Book Review: Hungry Heart by Jennifer Weiner

Title: Hungry Heart
Author: Jennifer Weiner
Publisher Hardcover: Atria Books
Publisher Paperback: Washington Square Press
Release Date Hardcover: October 11, 2016
Release Date Paperback: June 6, 2017
Pages: 416
Source: Publisher
Format: Paperback
Age Group: Adult
Genre: Nonfiction (Memoirs/Essays)

         

Jennifer Weiner is many things: a bestselling author, a Twitter phenomenon, and an “unlikely feminist enforcer” (The New Yorker). She’s also a mom, a daughter, a sister, a former rower and current clumsy yogini, a wife, a friend, and a reality-TV devotee. In her first essay collection, she takes the raw stuff of her life and spins it into a collection of tales of modern-day womanhood as uproariously funny and moving as the best of Nora Ephron and Tina Fey.

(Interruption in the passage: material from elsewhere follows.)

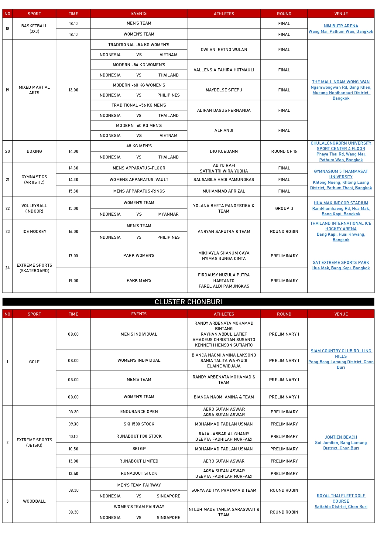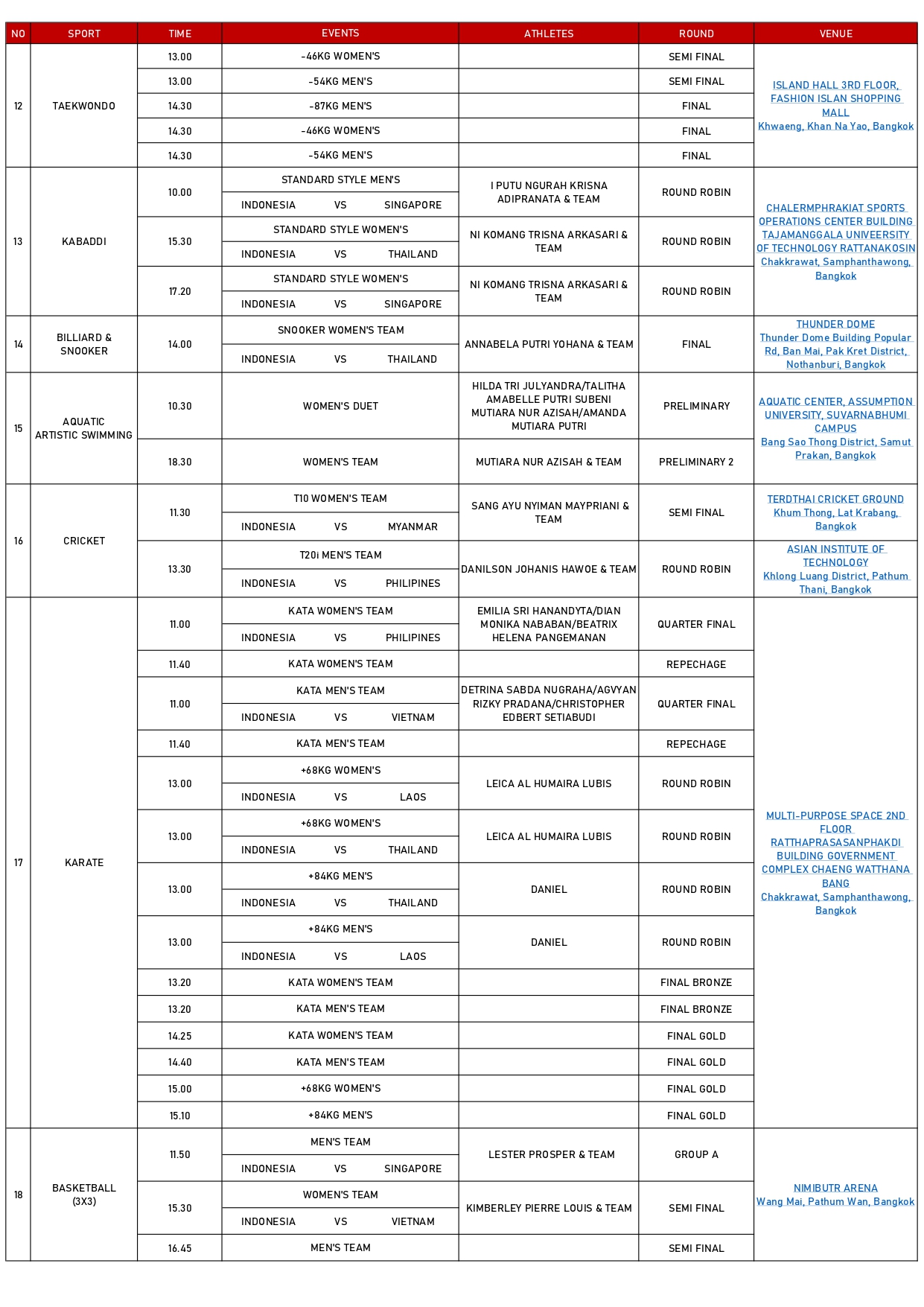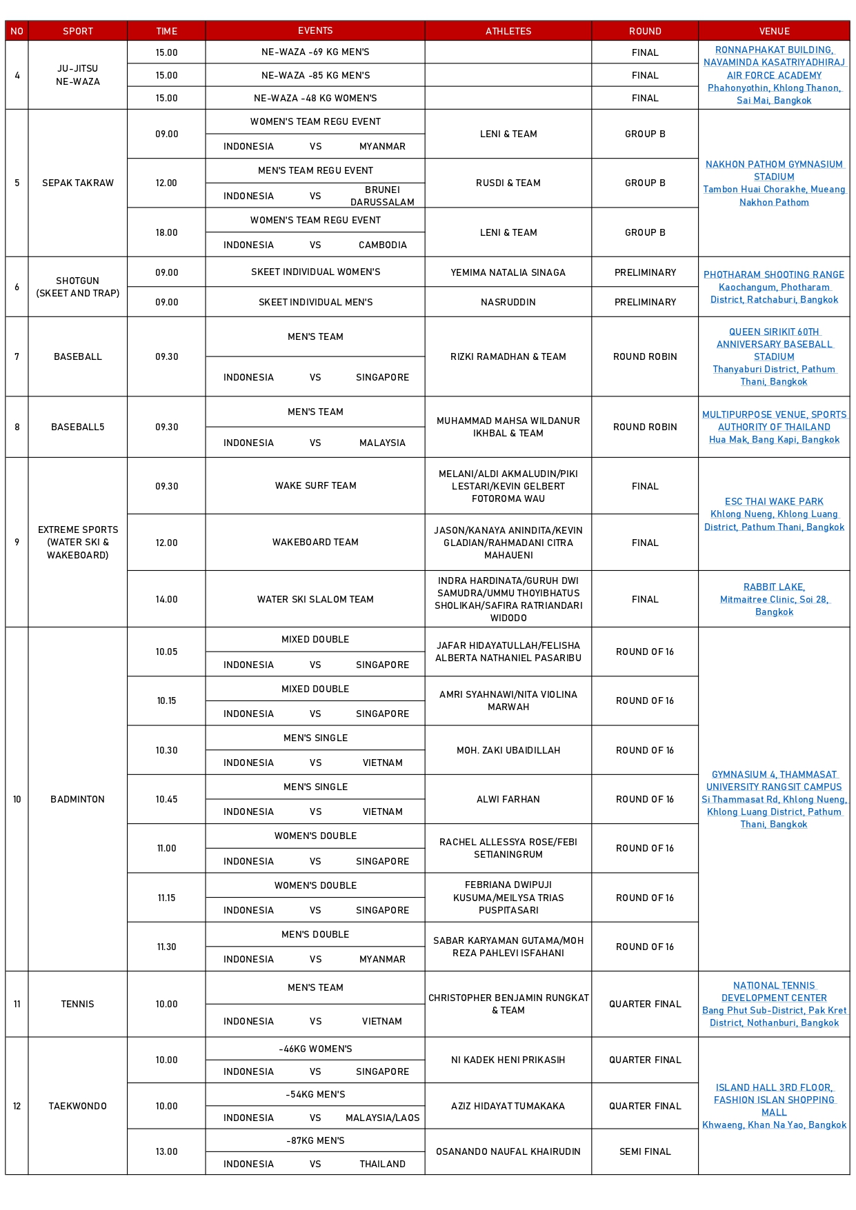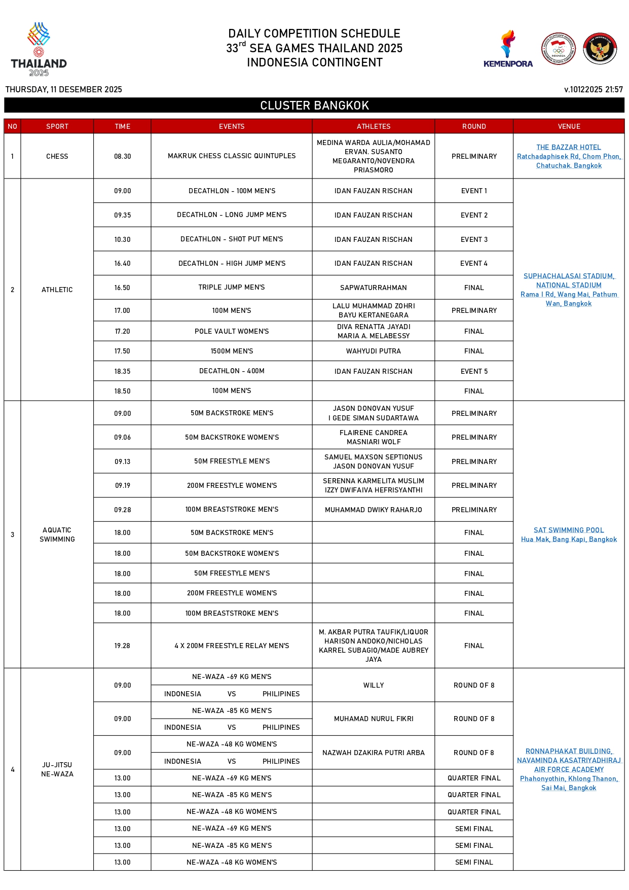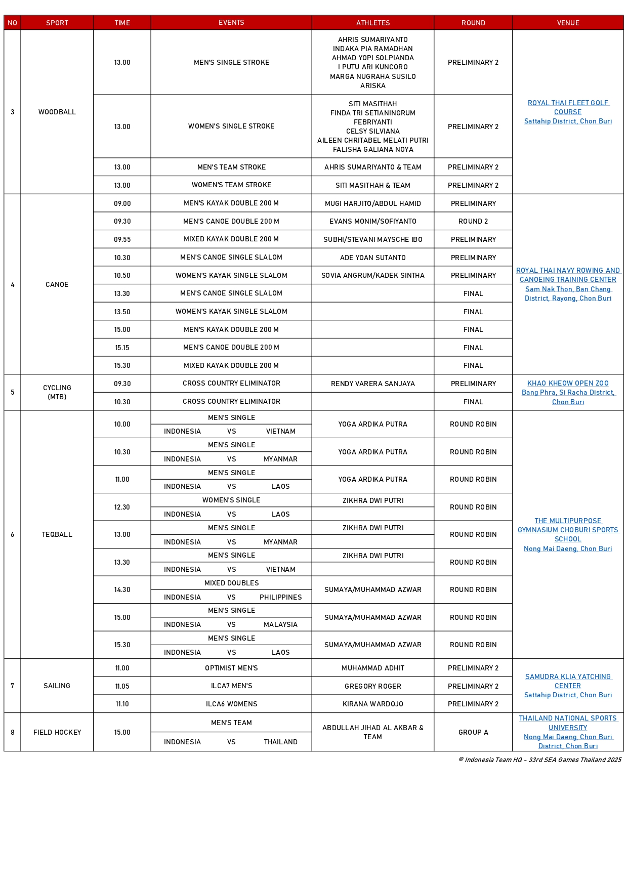 Berikut adalah jadwal lengkap pertandingan Tim Indonesia pada SEA Games 2025 yang digelar hari ini:

No subject is off-limits in these intimate and honest stories: sex, weight, envy, money, her mother’s coming out of the closet, her estranged father’s death. From lonely adolescence to modern childbirth to hearing her six-year-old daughter say the f-word—fat—for the first time, Jen dives deep into the heart of female experience, with the wit and candor that have endeared her to readers all over the world.

In Hungry Heart, “Weiner writes beautifully about growing up and getting on with it, about gaining and losing, about herself and also—ultimately—about all of us” (Curtis Sittenfeld). Hilarious and moving, this powerful collection is about yearning and fulfillment, loss and love, and a woman who searched for her place in the world, and found it as a storyteller. 
Wow, just wow.

When asked if I wanted to review this book, I immediately jumped at the opportunity, as I have been on a woman's studies and personal growth kick for a few months now.

Hungry Heart seemed to be a nonfiction book is the same vein as Women Who Run With the Wolves and You Are a Badass, which are two of the books that I have been, and am currently, reading.

Hungry Heart is comprised of essays written about Jennifer Weiner's life experiences.

Though narrative nonfiction, you can read Hungry Heart like traditional fiction. Meaning you can read the book in any order you wish, which is exactly what I did. I basically just looked at the table of contents and picked titles that caught my attention.

I did not read this book in one sitting, though you could if you wanted to, but that's just not my style. When I read nonfiction, I like to take my time, and only read small does at a time, so that I can really think on the topic(s) being presented to me. I also like to research sub topics while reading. This is the inner scholar in me at work. At the same time, I read a fiction book to cleanse my pallet, so to speak.

So with Hungry Heart, I read about 2-3 essays a day until I wad done with the book.

My copy of Hungry Heart has many, many, many post it notes in it. There were so many things that resonated with me while reading this book. I just couldn't stop feeling like "I've been there, I've done that, I've seen that, I've felt that, I've heard that, I've thought that, I know exactly what that feels like, I know what you're going through, what you're thinking, I'm living that, I have lived that."

Hungry Heart is a book that I HIGHLY recommend. It is a book that I want to buy for my girlfriends, so they can hopefully feel as impacted by this book as I did.